=== Data section ===
• • • • • • •
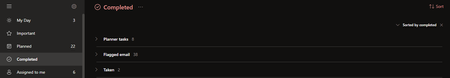 By default, when selecting Completed, we see all completed tasks per list or per bucket. Its not easy to see all completed tasks of last week. When you would remove this grouping, the overv...
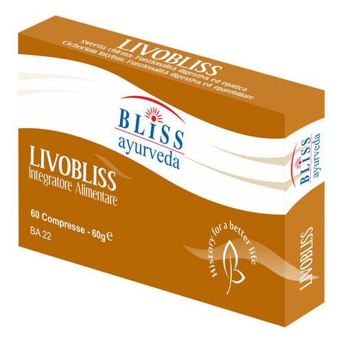 LIVOBLISSDescrizione Integratore alimentare prodotto con piante dell'antica tradizione Ayurvedica. Swertia chirata: funzionalità digestiva ed epatica. Cichorium intybus: funzionalità digestiva ed epato...
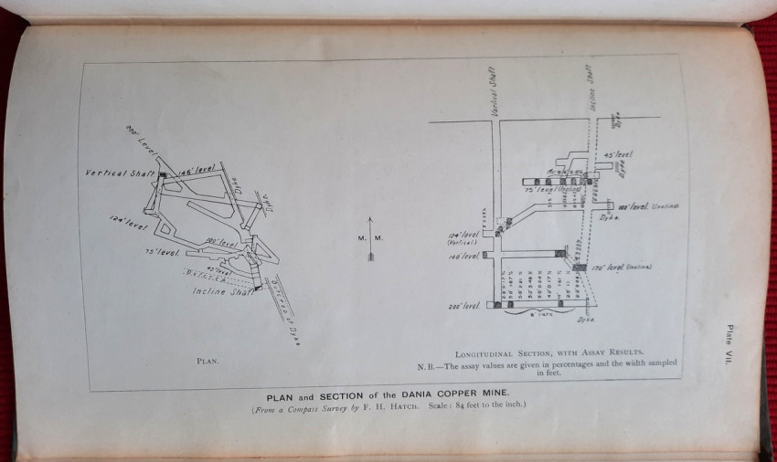 8) Dania Copper Mine. Plan and Section, with Assays. From a compass survey by F. H. Hatch.
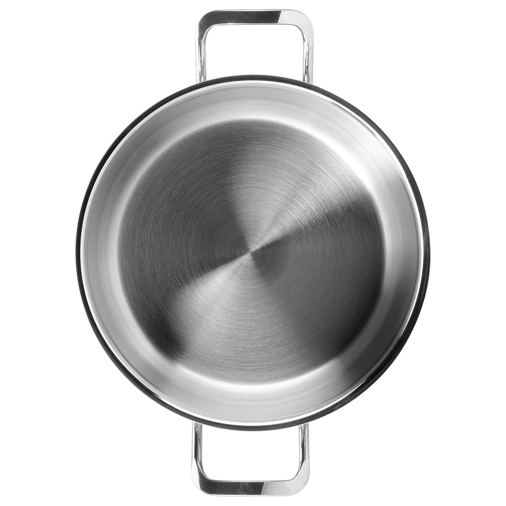 Fundul acutermic multistrat acumulează și distribuie excelent căldura, astfel încât gătiți economic și cu mai puțină grăsime – fără pierderi inutile de vitamine și minerale. Mânerele confortabile facilitează manipularea, iar capacul din inox inclus susține gătirea rapidă și uniformă.
• • • • • • •
=== What is required ===
After locating the line with "LIVOBLISSDescrizione Integratore alimentare" in the listing above, transcribe it and every line after it to the last, exactly, with no pictures.

=== Answer to the exercise ===
 LIVOBLISSDescrizione Integratore alimentare prodotto con piante dell'antica tradizione Ayurvedica. Swertia chirata: funzionalità digestiva ed epatica. Cichorium intybus: funzionalità digestiva ed epato...
 8) Dania Copper Mine. Plan and Section, with Assays. From a compass survey by F. H. Hatch.
 Fundul acutermic multistrat acumulează și distribuie excelent căldura, astfel încât gătiți economic și cu mai puțină grăsime – fără pierderi inutile de vitamine și minerale. Mânerele confortabile facilitează manipularea, iar capacul din inox inclus susține gătirea rapidă și uniformă.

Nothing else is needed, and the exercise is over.